Nous sommes le 1er décembre, journée mondiale du virus du Sida. Dramatique virus, tuant des personnes tous les jours dans le monde entier, veritable fléau de santé publique. Cependant la recherche et les médias s'investissent au profit de cette maladie (surement car elle touche AUSSI des occidentaux). Toutefois malgré le vif interet sucité par ce virus les scientifiques tardent a trouver un remède et un traitement qui pourrait sauver la vie de ces malades, malgré de gros moyens mis en place (peut etre que vendre une tritérapie est plus lucratif que d'investir dans une recherche plus radicale...)

                              

Quoi qu'il en soit aujourd'hui je voulais aussi faire preuve de mon dégout envers la communauté internationale qui manque totalement de solidarité malgré ces apparents artifices autour du Sida. Il y a un autre virus qui lui tue plus que le  Sida, qui est meme la maladie qui touche le plus de personnes dans le monde : Le paludisme.

Plus d'un million de personnes meurent du paludisme chaque année. Certaines estimations font état de chiffres allant jusqu'à 2,7 millions de personnes.
90 % des décès ont lieu en Afrique sub-saharienne.
70 % des victimes sont des enfants de moins de 5 ans.
C'est un enfant qui meurt du paludisme toutes les 30 secondes en Afrique.
 Pour vous donner un ordre d'idée, c'est comme si 7 gros porteurs ne comptant à leur bord que des enfants disparaissaient chaque jour des suites du paludisme.

Dramatique bilan, suplantant celui du sida mais pourtant jamais on en entend dire un mot.

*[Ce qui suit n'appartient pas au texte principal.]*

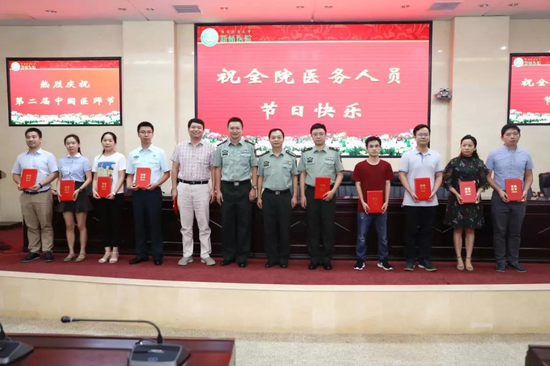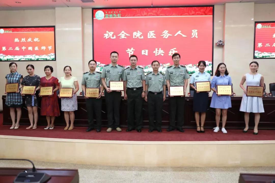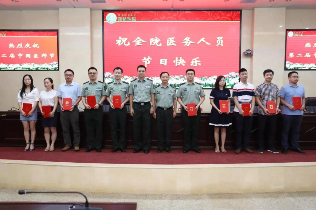 随后,新桥医院唐万能政委通报了2018-2019年获院级以上单位表彰的先进医师个人,宣读了医院2019年“医师节”表彰奖励通报,并和其他院领导一起,为获表彰的优秀医师集体和医师个人代表颁奖,意在表彰先进、弘扬正气。

Aucune mobilisation.rien. "L'occident" si solidaire, si puissant, capable d'envoyer des engin sur des sattelites de jupiter est a peine capable d'envoyer de l'aide sanitaire dans ces pays d'afriques oubliés. C'est vrai que pour un labo il est beaucoup plus rentable de vendre un traitement pour la grippe a un francais qu'à se lancer dans une recherche contre le paludisme  très couteuse.

On rentre donc dans une societé ou même la santé publique est soumise aux lois du bussiness et du commerce international, laissant la solidarité aux plateaux des chaines tv.